TASK INSTRUCTIONS -
Restate word for word the lines from the one bearing "Naklejka drukowana na" through the end of the entries below, and leave every picture out.

INPUT -
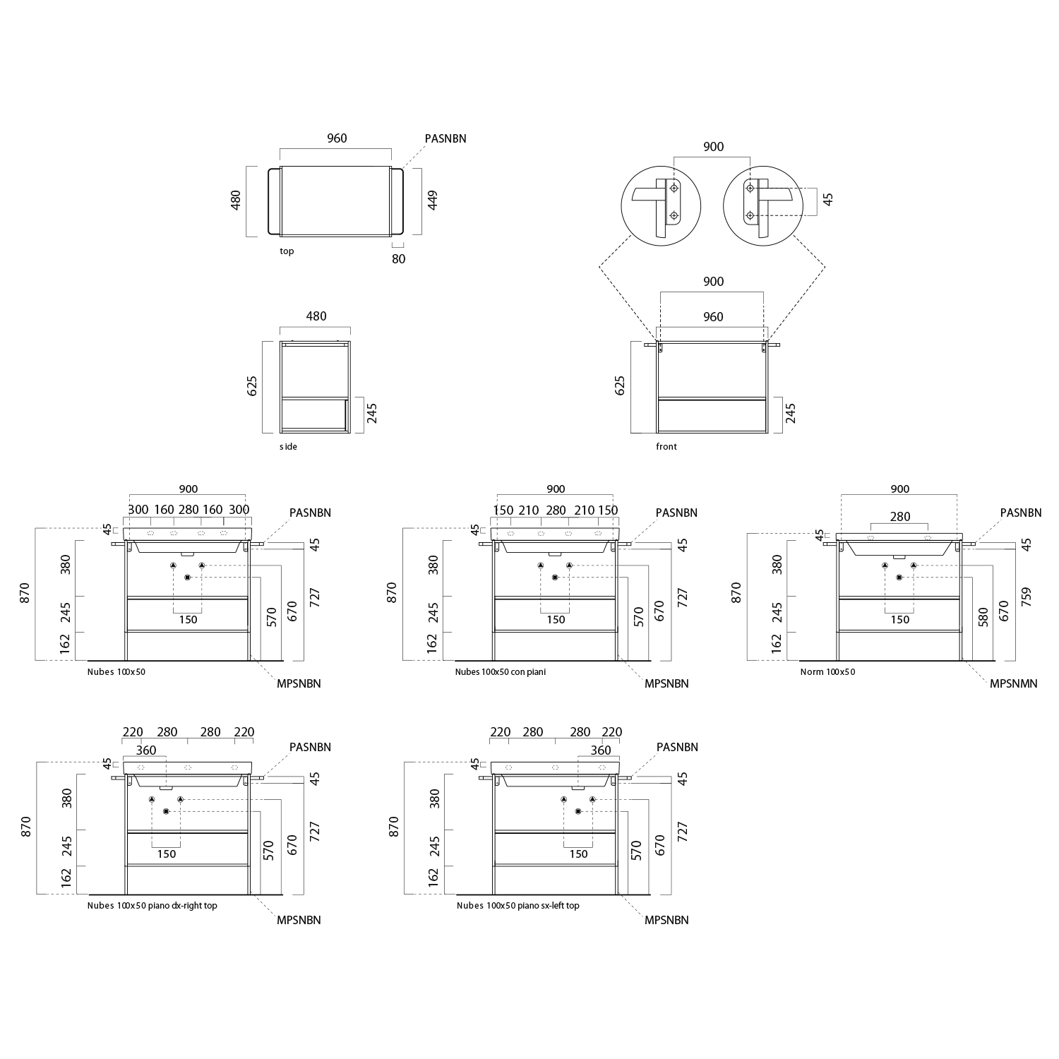 9627109 NUBES keramické umyvadlo 100x50cm, s odkládací plochou vpravo, bílá mat
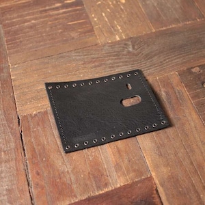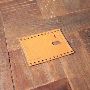 本体のスイッチの大きさに合わせた穴の大きさの場合、革を巻いた時に穴が広がってしまい、フィット感が損なわれてしまう為、画像にある穴の大きさに設定しました。
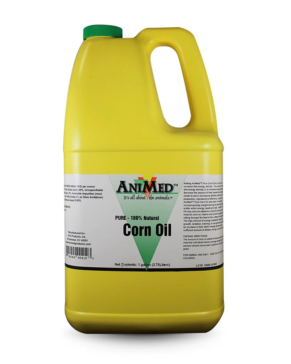 Pure Corn Oil is a natural feed supplement that enhances the shine and luster of horse’s coats and enhances the digestibility of feed. An economic feed supplement, high in fatty acids, that promotes a sleek and lustrous coat. It enhances digestibility and increases energy density of feed, allowing a reduction in total food intake.
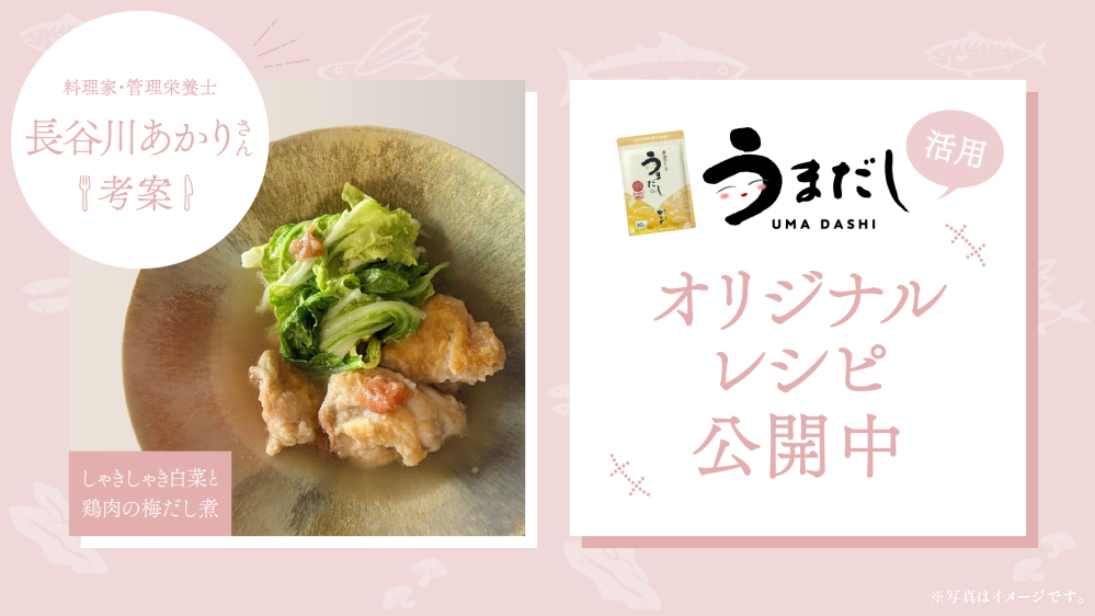 料理家・管理栄養士の長谷川あかりさん考案「うまだし」活用オリジナルレシピ公開のお知らせ
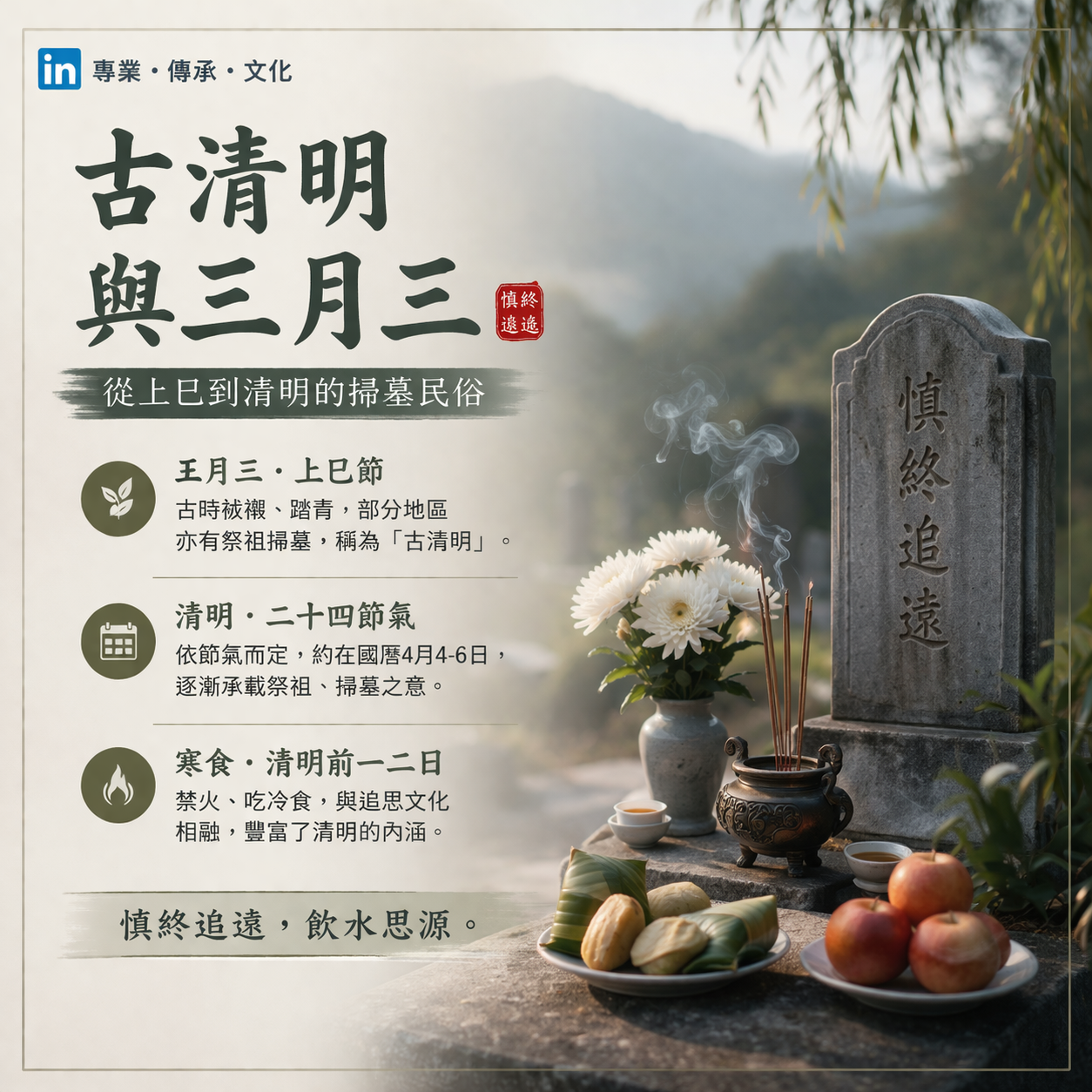因此,若說「以前掃墓是農曆三月三日,又稱古清明」,應當理解為:在部分地方、部分族群、尤其部分漳州移民傳統中,農曆三月初三的上巳節確實承擔了祭祖掃墓功能,故被視為古清明;但今日普遍所說的清明,則主要是依二十四節氣中的清明節氣而來。這樣說,既不抹煞民間記憶,也不混淆節氣與節日。
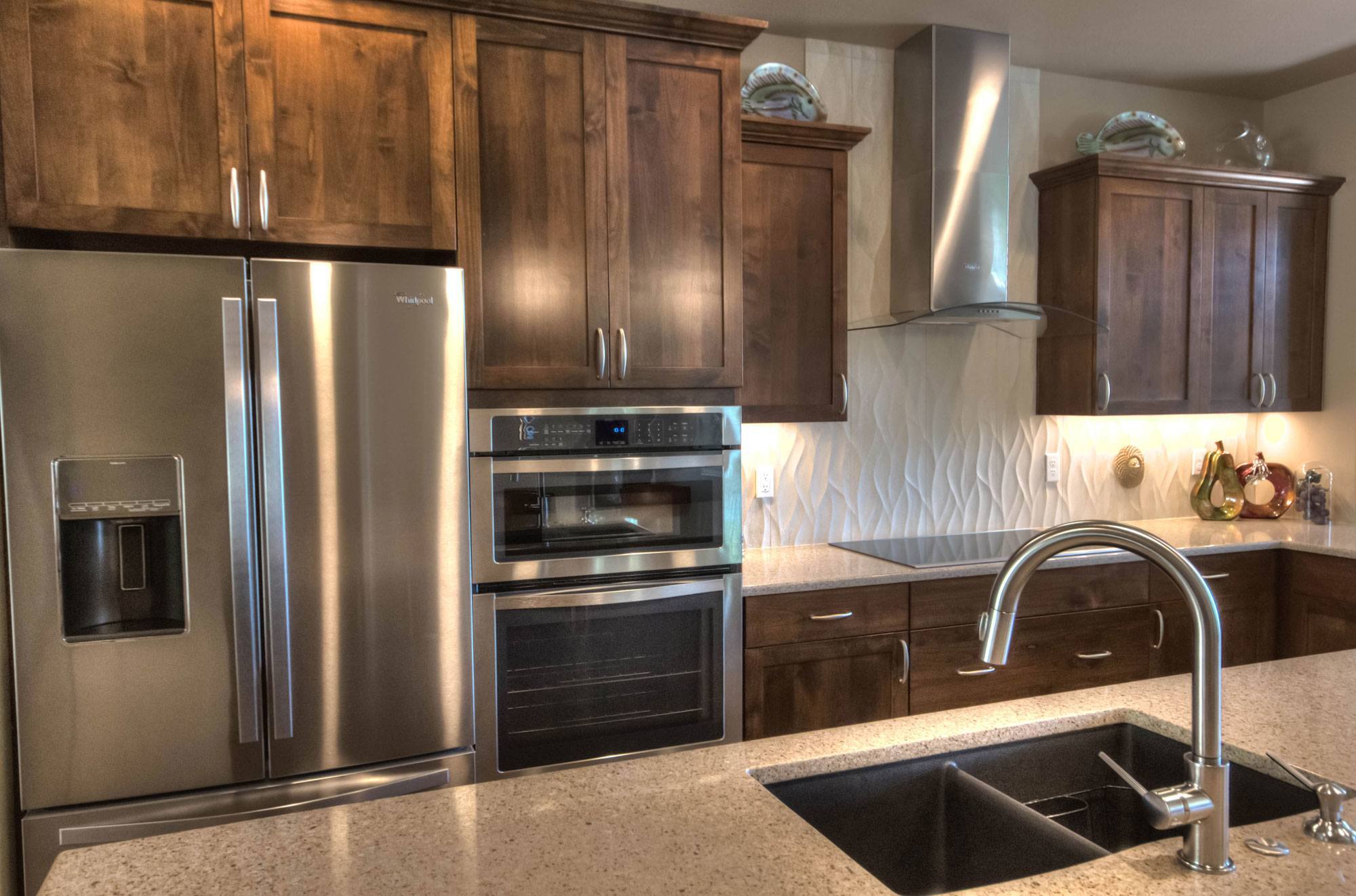 This modern and elegant one-story home was designed for the O’Dell’s. Built by BC Custom Homes, this beautiful empty nester home was recently awarded the 2014 Excellence Award for the best home in the $250-350,000 price range. The client had specific needs: low maintenance, central kitchen with open spaces, and lots of natural light, along with a working home studio and a warm modern feel. This home was chosen over all other entries from every major homebuilding/design team in Portland and we are so very proud of this team effort. Also a big thank you to the O’Dell Family for allowing us to do some of our best work yet on their retirement home. To see more homes or to contact Mark Stewart, visit markstewart.com.
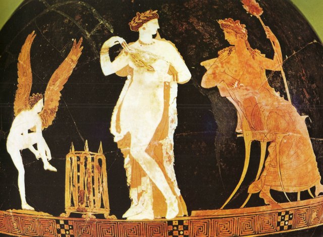 Σε αττικό σκύφο του 5ου αι. π.Χ. σάτυρος κουνά μια κοπέλα σύμφωνα με το έθιμο της αιώρας, το οποίο συνδέεται με τα Ανθεστήρια.
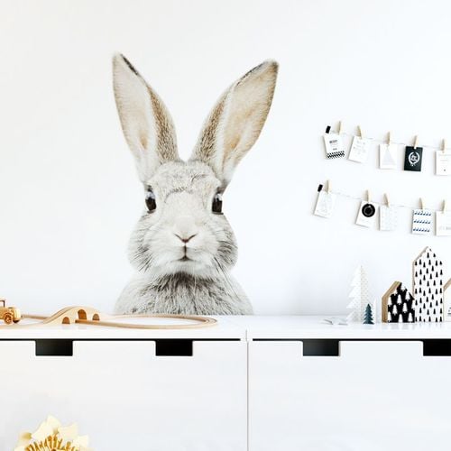 Naklejka drukowana na ścianę wycinana z folii matowej z królikiem Stefanem.
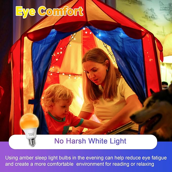 • Versatile Application: With standard E26 socket, these no blue light bulbs can be used with most fixtures as bedside lamp, reading light, or general ambient lighting. Ideal for bedrooms, nurseries, or any area where tranquility is desired.

SOLUTION -
 Naklejka drukowana na ścianę wycinana z folii matowej z królikiem Stefanem.
 • Versatile Application: With standard E26 socket, these no blue light bulbs can be used with most fixtures as bedside lamp, reading light, or general ambient lighting. Ideal for bedrooms, nurseries, or any area where tranquility is desired.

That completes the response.